Although it is not an easy task to be blind but let's imagine it actually happened, then life must continues.
The pain in walking in total darkness us more than we can think of or what we think it will ever be.
It will definitely change ones life drastically, in the physical aspect. I will no longer be capable of doing things I was used to. For example, maybe you were someone that likes going to the gym on a daily basis in order to keep fit and keep that shape intact, in no time you will lose that fitted shape that every other person is dying for, you won't be free to do what you have always wanted to do.
My life will be restricted to a minimal level.
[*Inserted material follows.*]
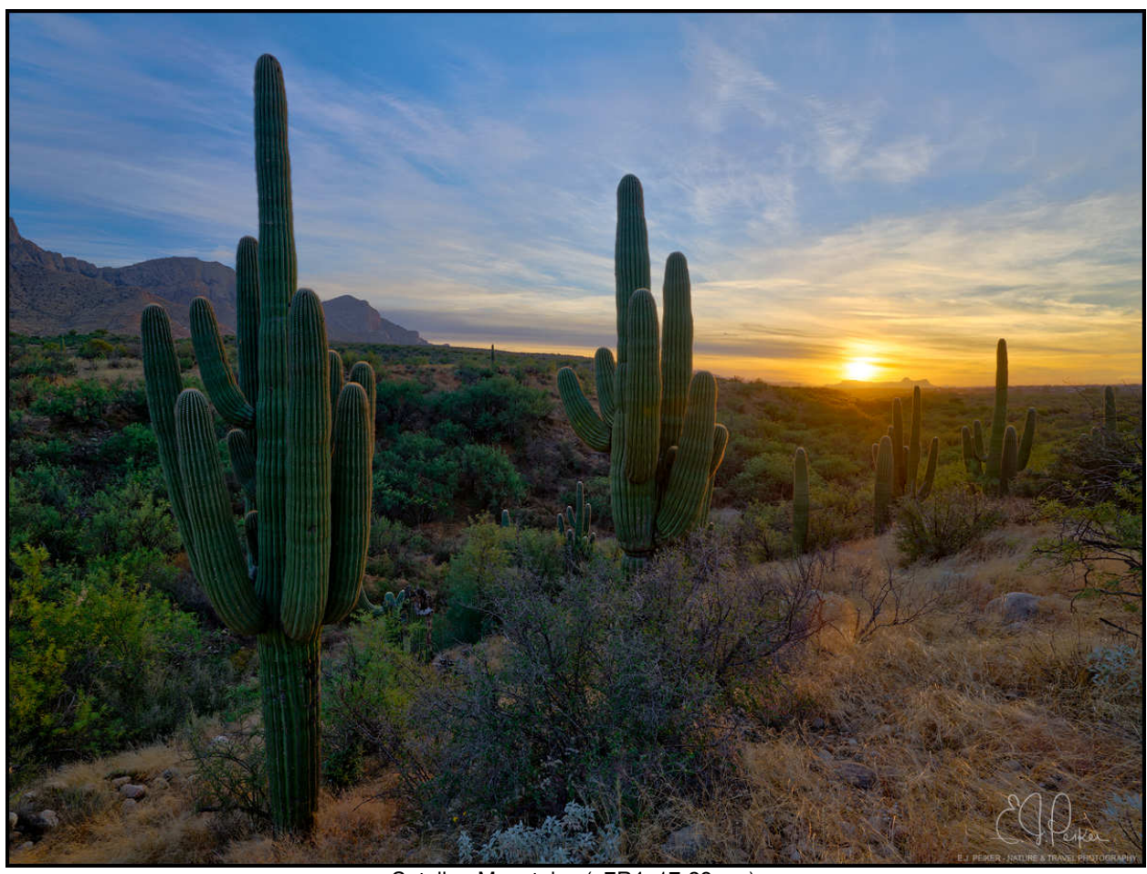
Catalina Mountains (a7R4, 17-28mm)

I continue to be very impressed with what Tamron is offering for Sony photographers by offering exceptional optics in relatively compact packages that are easy to travel and hike with and making the compromises in the right places by eliminating features that most landscape photographers don't need (like image stabilization, arrays of switches and buttons, all metal construction, etc). Demand for these lenses is high and even the used market for these lenses is good if you are selling a lens like the original 28-75 and replacing it with the G2. Traditionally third party lenses have lost a ton of value even when selling something that is as good as new. That has not been the case with these hugely popular Tamron lenses as demand is high.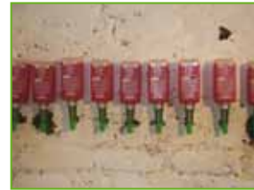
Automatic installation of the horizontal barrier

In the emotional aspect, I will be kinda happy because my emotional stress will reduce, and I will be free from emotional trauma, people will care for me, people will want to help me, those that care not about my existence would care more about me and I will no longer be lonely.
Although, I will miss so many things, firstly, I will miss dressing up in the morning going to my place of work,
pressing laptop all day, walking all day in my heels feeling like an office lady, I will miss doing my house chores on my own, going to cinema to watch movies, going for shopping, I will miss seeing my beautiful family, I will miss my dream of having a right future.
The benefit of this is that I will know which of my families and friends really love me wholeheartedly, who is really for me.
It won't be easy to cope with the situation of total darkness but I will just keep hoping that one day I will go back to being that lady that has her sight intact and was full of life. I will try to cope with the hope of a better tomorrow.